> _SUPPLIED DATA_:
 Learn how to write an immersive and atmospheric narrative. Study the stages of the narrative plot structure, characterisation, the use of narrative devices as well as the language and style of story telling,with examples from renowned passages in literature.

* * *

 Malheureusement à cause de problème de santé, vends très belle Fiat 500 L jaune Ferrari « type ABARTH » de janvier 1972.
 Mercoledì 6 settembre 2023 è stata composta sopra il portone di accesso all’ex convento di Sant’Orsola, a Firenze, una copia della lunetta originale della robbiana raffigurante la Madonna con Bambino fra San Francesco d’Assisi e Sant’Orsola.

---

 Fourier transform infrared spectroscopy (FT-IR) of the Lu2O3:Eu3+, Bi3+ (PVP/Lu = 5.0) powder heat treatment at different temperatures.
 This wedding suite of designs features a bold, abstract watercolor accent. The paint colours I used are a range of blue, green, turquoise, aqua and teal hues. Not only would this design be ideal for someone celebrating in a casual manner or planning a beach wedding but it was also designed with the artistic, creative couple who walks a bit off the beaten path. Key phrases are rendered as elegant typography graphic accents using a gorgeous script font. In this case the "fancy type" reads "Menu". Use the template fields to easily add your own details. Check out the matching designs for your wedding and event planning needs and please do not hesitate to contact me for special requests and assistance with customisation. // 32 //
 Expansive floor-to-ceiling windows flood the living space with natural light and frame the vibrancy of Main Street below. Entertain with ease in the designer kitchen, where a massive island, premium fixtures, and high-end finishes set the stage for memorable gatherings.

> _EXERCISE AIM_: For this exercise, repeat exactly the lines of the data above from the one with "Fourier transform infrared" down to the one with "Expansive floor-to-ceiling windows", both end lines included.

> _FINISHED TASK_:
 Fourier transform infrared spectroscopy (FT-IR) of the Lu2O3:Eu3+, Bi3+ (PVP/Lu = 5.0) powder heat treatment at different temperatures.
 This wedding suite of designs features a bold, abstract watercolor accent. The paint colours I used are a range of blue, green, turquoise, aqua and teal hues. Not only would this design be ideal for someone celebrating in a casual manner or planning a beach wedding but it was also designed with the artistic, creative couple who walks a bit off the beaten path. Key phrases are rendered as elegant typography graphic accents using a gorgeous script font. In this case the "fancy type" reads "Menu". Use the template fields to easily add your own details. Check out the matching designs for your wedding and event planning needs and please do not hesitate to contact me for special requests and assistance with customisation. // 32 //
 Expansive floor-to-ceiling windows flood the living space with natural light and frame the vibrancy of Main Street below. Entertain with ease in the designer kitchen, where a massive island, premium fixtures, and high-end finishes set the stage for memorable gatherings.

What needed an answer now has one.